● **What is needed**
A faithful, word-for-word copy of the records is required, and it must contain no pictures.

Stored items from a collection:
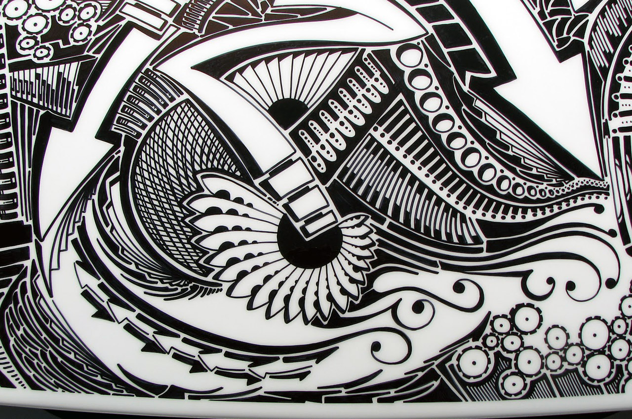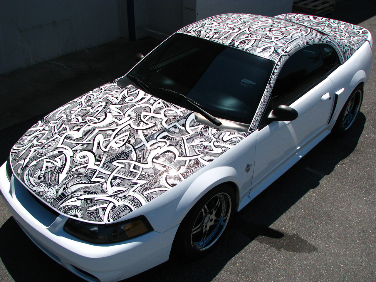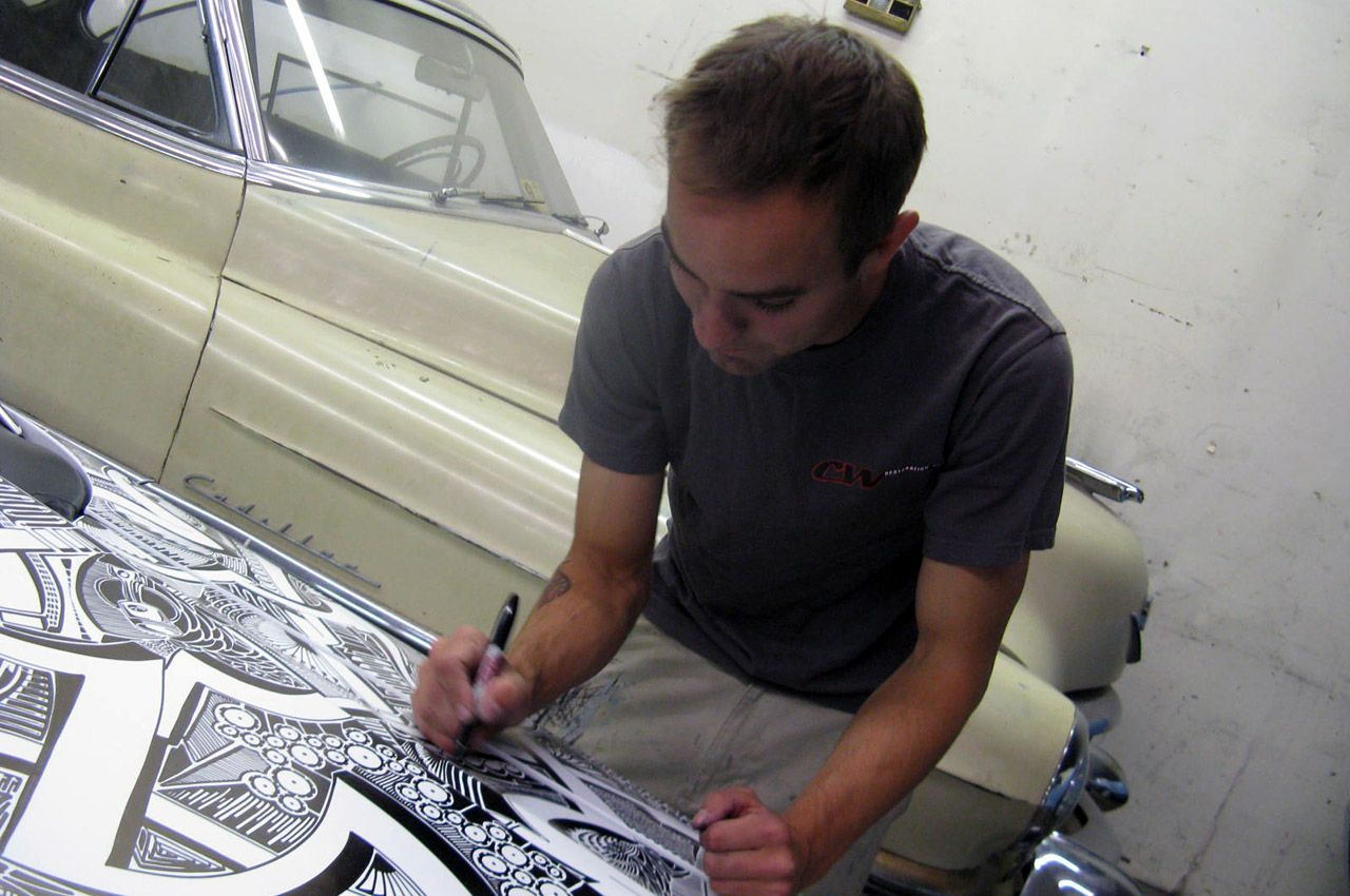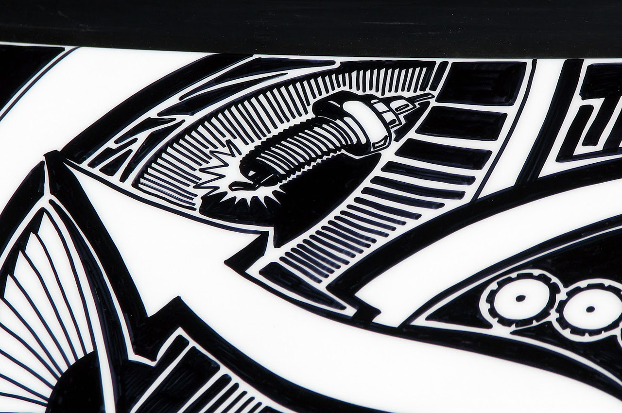 Artist Chris Dunlop known as ‘Pinstripe Chris’ has a very unique talent that involves a common household item, the Sharpie Marker. A pinstriper by trade Chris took notice of another artist’s work with a Sharpie Marker and a Lamborghini Gallardo in 2010. Ever since than Chris has been free handing his artistic creations on anything he can get his hands on including automobiles. His latest creation is an amazing free hand designwith a Sharpie marker on a 1999 Mustang GT which took him around 50 hours. A layer of clear-coat paint makes his work permanent and long lasting for all to see for years to come. Check out the complete gallery of his free hand Sharpie work below.
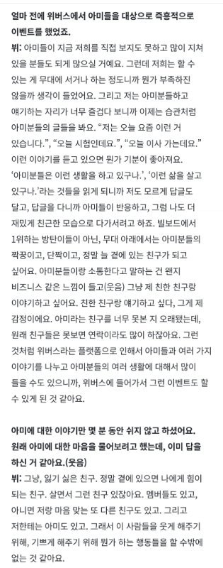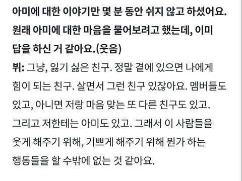 인터뷰 느긋하게하다가 아미 이 얘기 나오니까 몇분동안 쉬지않고 얘기했다더라
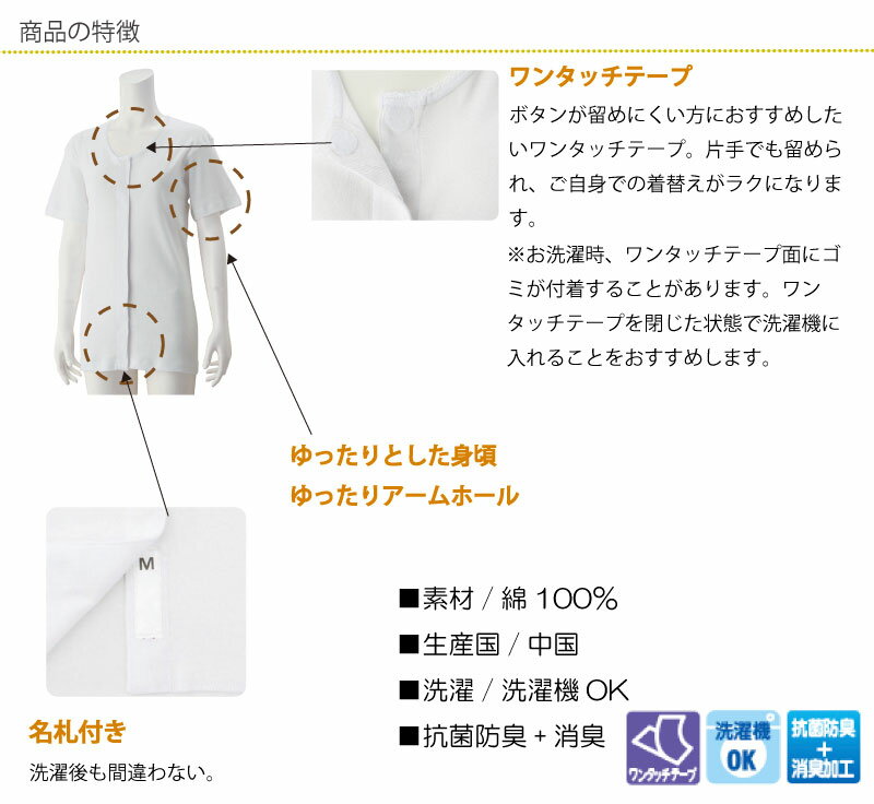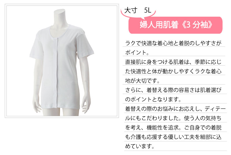 ワンタッチ肌着 下着 前開き レディース 婦人 用 綿100% 介護 マジックテープ式 3分袖 5L 半袖 大きめ 大きいサイズ 春夏 介護用 肌着 介護下着 シャツ 高齢者 女性 シニア
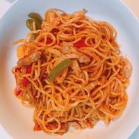 焼きそばの麺で作りました。ナポリタンのような感じでした。簡単に出来て美味しかったです!
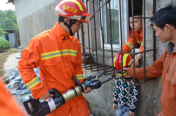 صور طازجة – رجال الإنقاذ يحاولون تخليص طفل علق رأسه في نافذة بالصين.
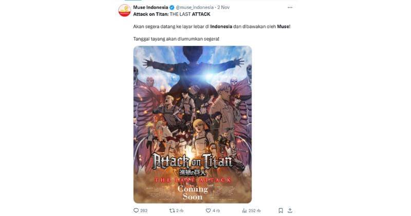 Attack on Titan: The Last Attack mulai tayang di Jepang pada 8 November 2024, namun belum ada kepastian lebih lanjut mengenai kapan tanggal rilis movie ini.
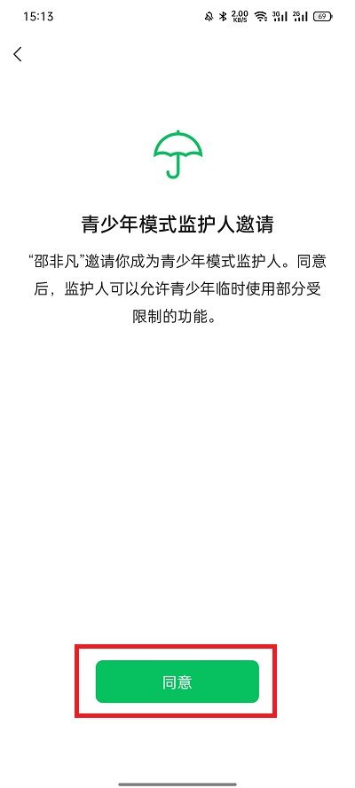 5、在邀请信息界面,监护人点击下方【同意】即可完成设置。
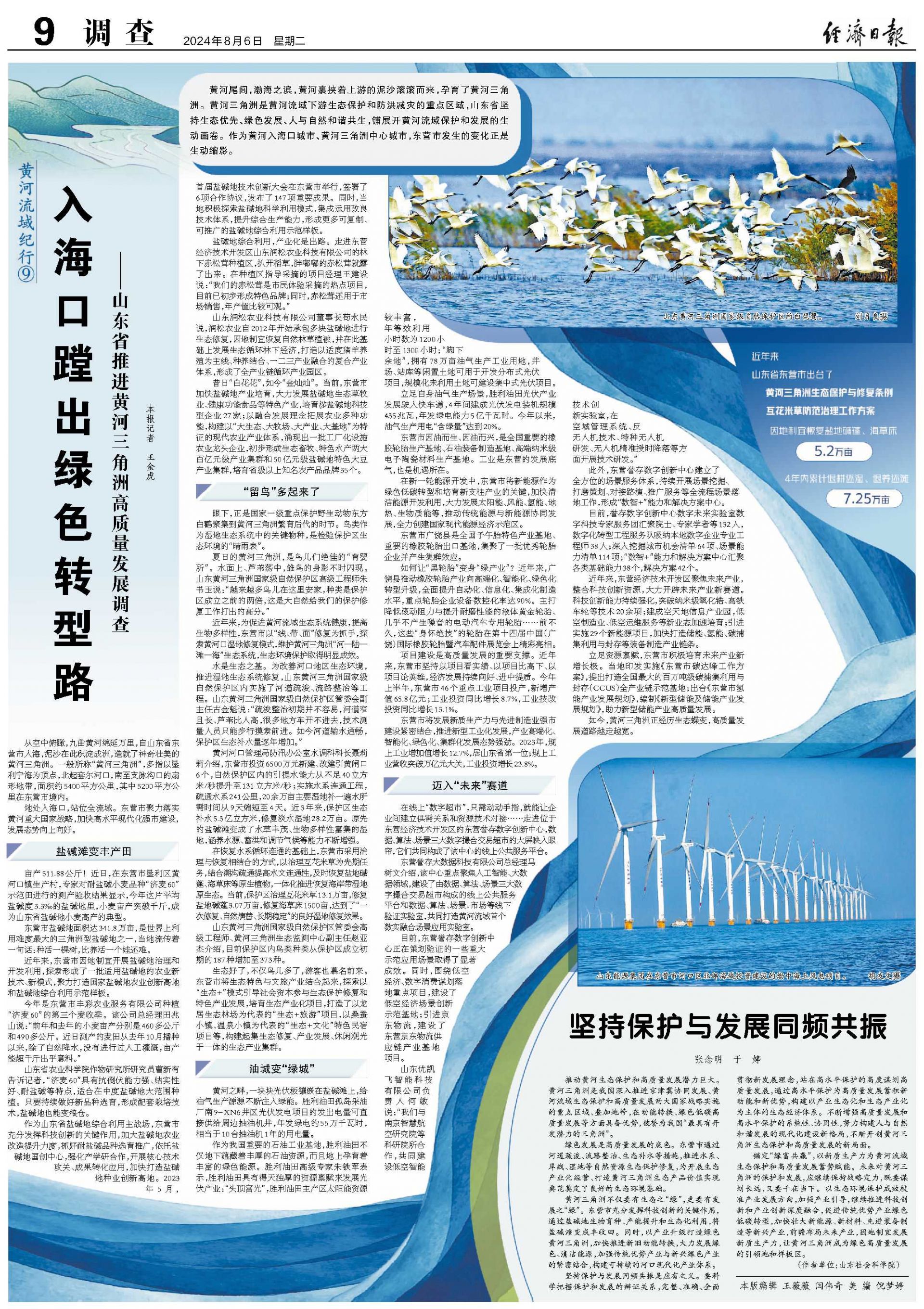 黄河尾闾,渤海之滨,黄河裹挟着上游的泥沙滚滚而来,孕育了黄河三角洲。黄河三角洲是黄河流域下游生态保护和防洪减灾的重点区域,山东省坚持生态优先、绿色发展、人与自然和谐共生,铺展开黄河流域保护和发展的生动画卷。作为黄河入海口城市、黄河三角洲中心城市,东营市发生的变化正是生动缩影。

● **Your response**
 Artist Chris Dunlop known as ‘Pinstripe Chris’ has a very unique talent that involves a common household item, the Sharpie Marker. A pinstriper by trade Chris took notice of another artist’s work with a Sharpie Marker and a Lamborghini Gallardo in 2010. Ever since than Chris has been free handing his artistic creations on anything he can get his hands on including automobiles. His latest creation is an amazing free hand designwith a Sharpie marker on a 1999 Mustang GT which took him around 50 hours. A layer of clear-coat paint makes his work permanent and long lasting for all to see for years to come. Check out the complete gallery of his free hand Sharpie work below.
 인터뷰 느긋하게하다가 아미 이 얘기 나오니까 몇분동안 쉬지않고 얘기했다더라
 ワンタッチ肌着 下着 前開き レディース 婦人 用 綿100% 介護 マジックテープ式 3分袖 5L 半袖 大きめ 大きいサイズ 春夏 介護用 肌着 介護下着 シャツ 高齢者 女性 シニア
 焼きそばの麺で作りました。ナポリタンのような感じでした。簡単に出来て美味しかったです!
 صور طازجة – رجال الإنقاذ يحاولون تخليص طفل علق رأسه في نافذة بالصين.
 Attack on Titan: The Last Attack mulai tayang di Jepang pada 8 November 2024, namun belum ada kepastian lebih lanjut mengenai kapan tanggal rilis movie ini.
 5、在邀请信息界面,监护人点击下方【同意】即可完成设置。
 黄河尾闾,渤海之滨,黄河裹挟着上游的泥沙滚滚而来,孕育了黄河三角洲。黄河三角洲是黄河流域下游生态保护和防洪减灾的重点区域,山东省坚持生态优先、绿色发展、人与自然和谐共生,铺展开黄河流域保护和发展的生动画卷。作为黄河入海口城市、黄河三角洲中心城市,东营市发生的变化正是生动缩影。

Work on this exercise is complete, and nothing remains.